Give only the number of lines in the data that include the string "าตากส".

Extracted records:
---

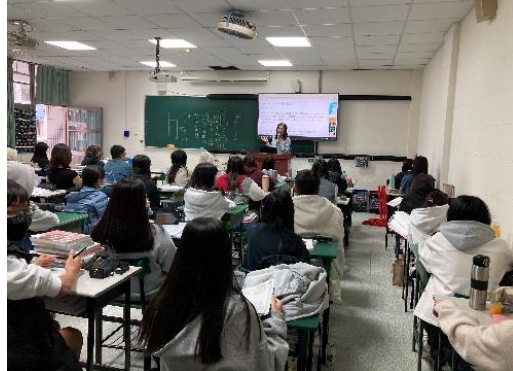
拍照日期：11月18日15:10-16:00 照片說明：講解世說新語課文-5N103
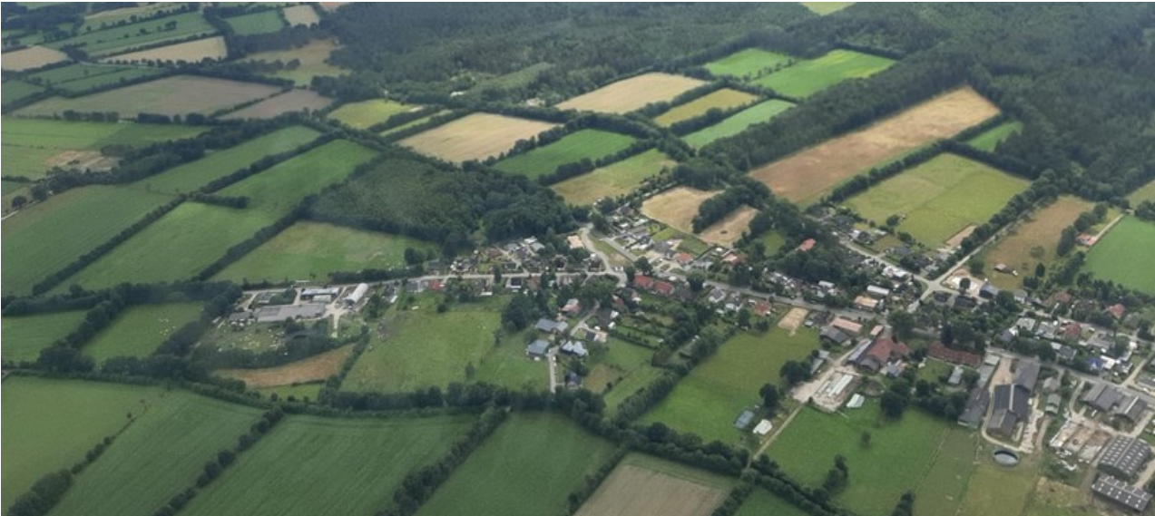
Latendorf, aus östlicher Richtung aufgenommen.
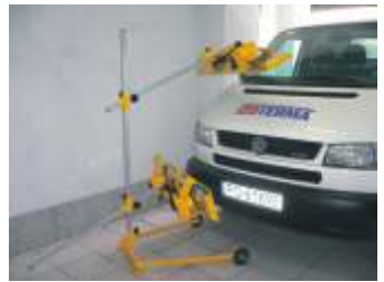
Typ A - 4P
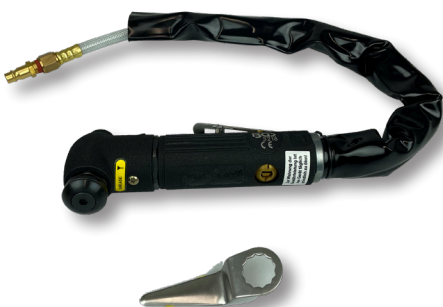
Perslucht multisnijder PS 41
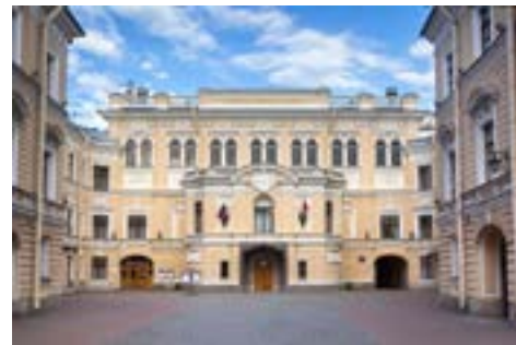
Придворная певческая капелла в Санкт - Петербурге

Несомненно, идея увертюры на обиходные темы связана с деятельностью Римского-Корсакова в Придворной певческой капелле: только обширный, каждодневный слуховой опыт в сочетании с детскими впечатлениями мог привести
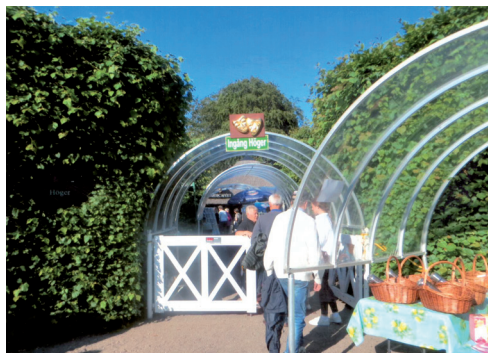
Ingången till den vackra teatern.
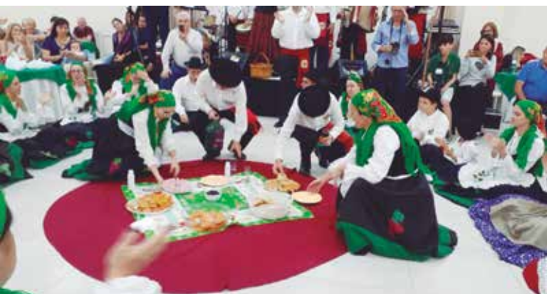
Momento marcante das vindimas com os componentes do G.F. Guerra Junqueiro realizando a merenda
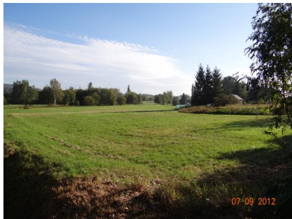
Plochá niva toku s možností rozlivů.
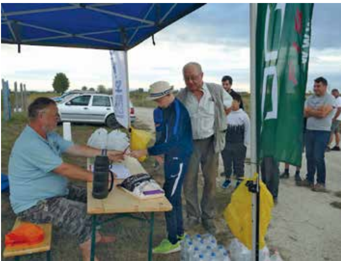
Regisztráció a versenyen
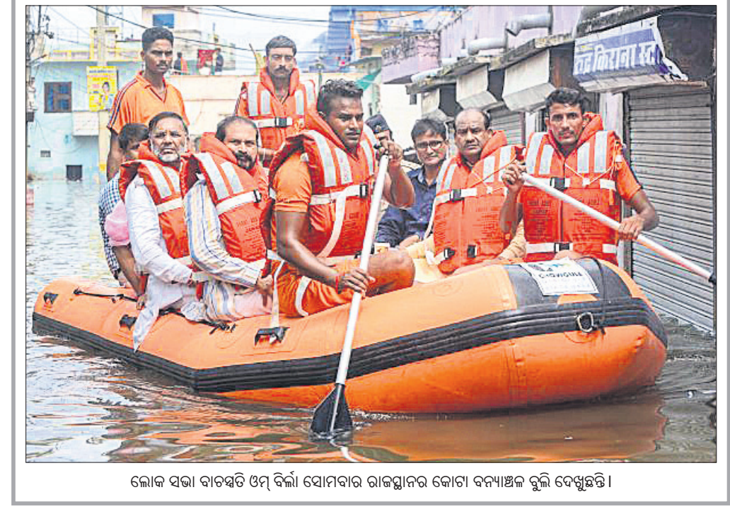
ଲୋକ ସଭା ବାଚସ୍ପତି ଓ ଏମ୍‌ଲିଆ ସୋମବାର ରାଜସ୍ଥାନର କୋଟା ବନ୍ୟାଞ୍ଚନ ବୁଲି ଦେଖୁଛନ୍ତି।
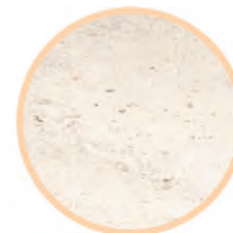
Gres szklony CORSO grey mat 60 x 60 cm
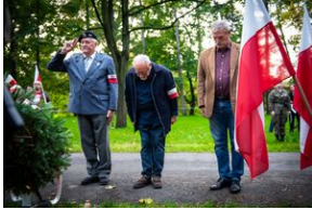
Uroczystości w 60. rocznicę śmierci Józefa Franczaka „Lalusia”.
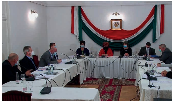
A járványhelyzet miatt októberben tudták megtartani hagyományos módon az utolsó képviselő-testületi ülést

Saját beruházásokat, fejlesztéseket 45 millió forint értékben terveztek az idén. Ebből alakítják ki az általános iskola előtti buszvárót, az EESZI idősok nappali ellátását biztosító telephelyén egy tárolót, valamint pályázattal nem fedezett beruházásként a városi térfigyelő kamerarendszer felújítása és bővítése, illetve ingatlanok vásárlása is ebből az összegből történik.
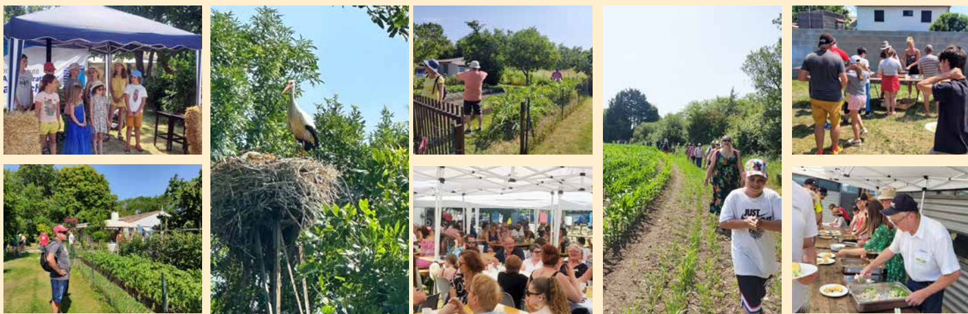
Fête du marais
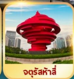
จตุรัสหาลี่
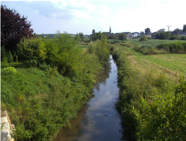
Lauf schwach geschwungen
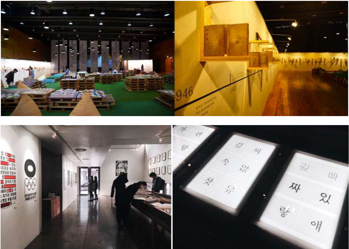
사진 설명 : 테마전시장(위)과 최정호전(아래) 풍경
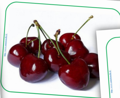
DES CERISES des cerises des cerises
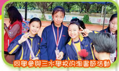
同學參與三水學校的淘書節活動
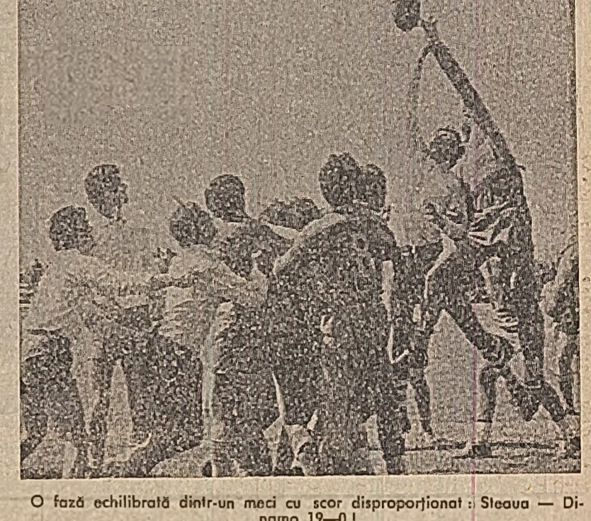
O fază echilibrată dintr-un meci cu scor disproporționar: Steaua — Dinamo 19—0
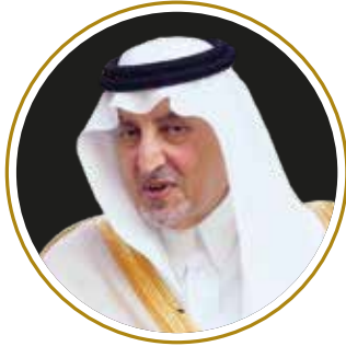
صاحب السمو الملكي الأمير خالد الفيصل بن عبد العزيز آل سعود أمير منطقة مكة المكرمة
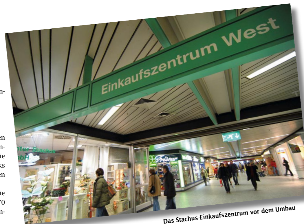
Das Stachus-Einkaufszentrum vor dem Umbau
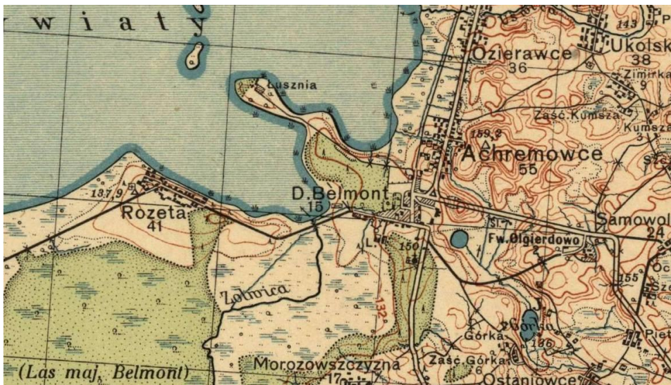
Mapa P26 S44
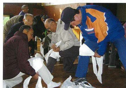
いろいろな巻き方で対処 (三角布取扱訓練)
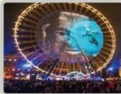
리옹 빛 축제
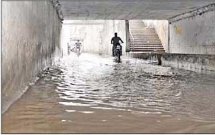
கோவையில் நேற்று பெய்த மழைகாரணமாக வடகோவை மேம்பாலத்தின் கீழ் மழைநீர் தேங்கி நின்ற காட்சி.

சோலையார் அணையில் இருந்து பரம்பிக்குளம் அணைக்கு தண்ணீர் திறப்பது நிறுத்தம்
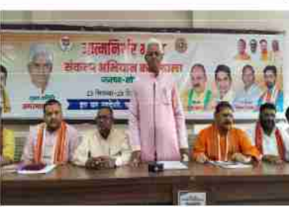
कहा कि इस अभियान का उद्देश्य देश को उन सभी विदेशी निर्भरताओं को समाप्त करना है जिसके चलते आज भारत का ज्यादातर व्यापार वस्तुओं पर आत्मनिर्भर भारत निर्भर है यह अभियान वस्तुओं पर निर्भरता को नियंत्रित करते हुए अच्छी गुणवत्ता वाले स्वदेशी उत्पादों को अपनी भूमि पर तैयार करने की सीख देता है इस अभियान का उद्देश्य भारत के उद्योगों में सुधार लाकर युवाओं को लिए रोजगार सृजन करना है इस
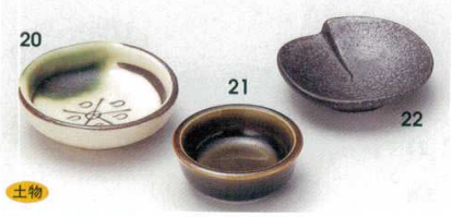
20 73-20-74B 220円 織部半月豆皿 300入 5.5×5.3×1.7cm 21 73-21-14B 260円 オリベのぞき 500入 4.4×1.7cm 22 73-22-45B 390円 鉄べーパーハス珍味皿 300入 5.4×5.4×1.5cm
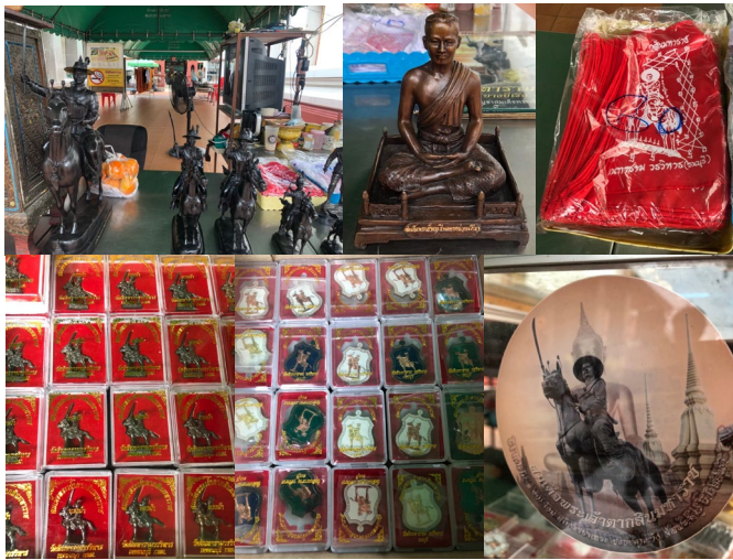
ภาพที่ ๙ วัดถุมงคลพระเจ้าตากสิน

๒.๓ วัดถุมงคล จากการศึกษาพบว่า วัดถุมงคลที่เกี่ยวกับพระเจ้าตากสิน ที่วัดอินทารามวรวิหารมีหลายลักษณะด้วยกัน ได้แก่ สถูปเกอรัตรีถยนต์ ฝ้ายยันต์ รูปเคารพจำลองในลักษณะทรงม้าออกรบ และเหรียญเคารพ จากการสังเกตพบว่า เหรียญเคารพจะมีจำนวนมากหลายรุ่น โดยส่วนใหญ่จะมีรูปพระเจ้าตากสินในพระอิริยาบถที่แตกต่างกันไป ส่วนใหญ่จะเน้นการออกรบ และการนั่งบัลลังก์ โดยมีดาบวางอยู่บนพระเพลาดังภาพที่ ๙
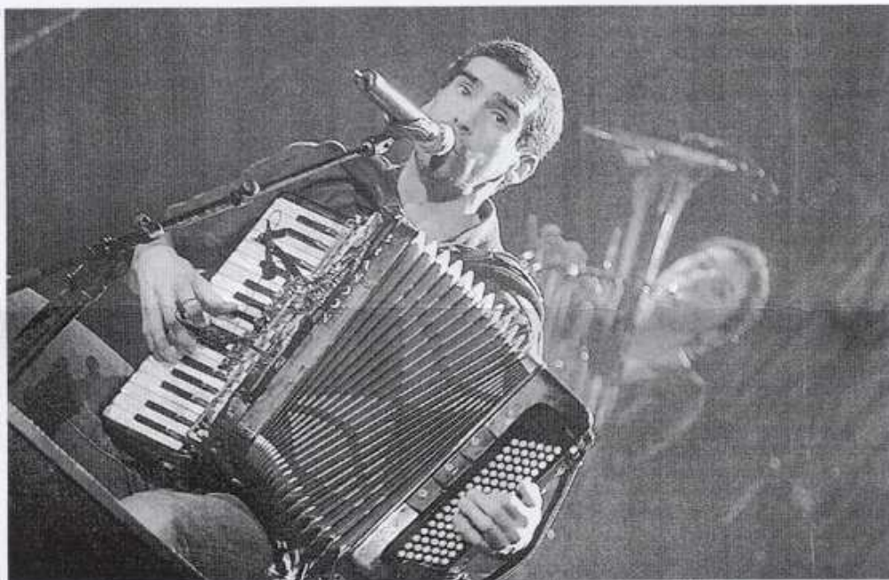
Samedi, les Ogres de Barback ont fait entendre leurs textes au public et privilégier l'intimité.

Leurs influences sont tantôt tziganes, bal musette, slaves, voire rock, quand la guitare électrique s'en mêle. De l'accordéon à la soie musicale, en passant par la flûte traversière, la clarinette, le piano ou la contrebasse, il y en a vraiment pour tous les goûts ! Mais comment font-ils ? Ils ne sont pourtant que quatre ! Simple : ils ont la bougeotte et savent jouer de tout. La part belle est accordée aux très nombreux cuivres qui donnent des airs de fanfare étincelante à l'ensemble. Et le
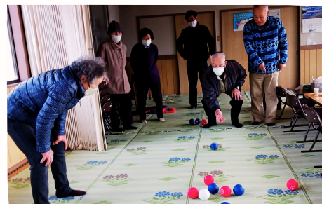
▲女性チームと男性チームに分かれていざ勝負！
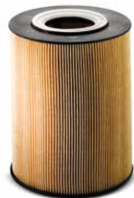
Filtro olio motore a partire da 13,00 €
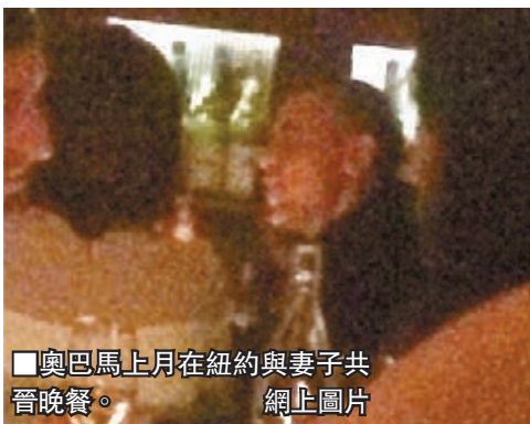
■奧巴馬上月與妻子米歇爾在紐約共晉晚餐。
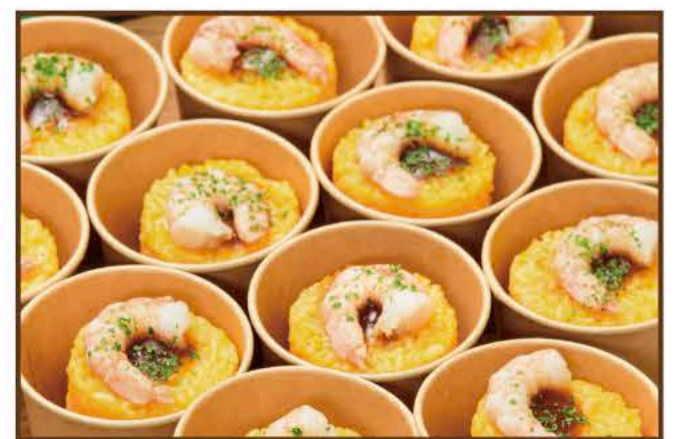
シーフードピラフ〜カップ仕立て〜
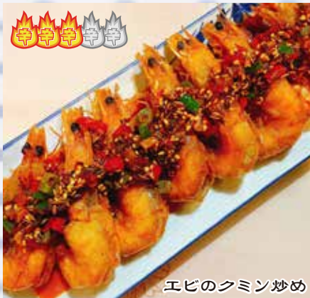
孜然虾 1,580 円

---

**Answer:**
2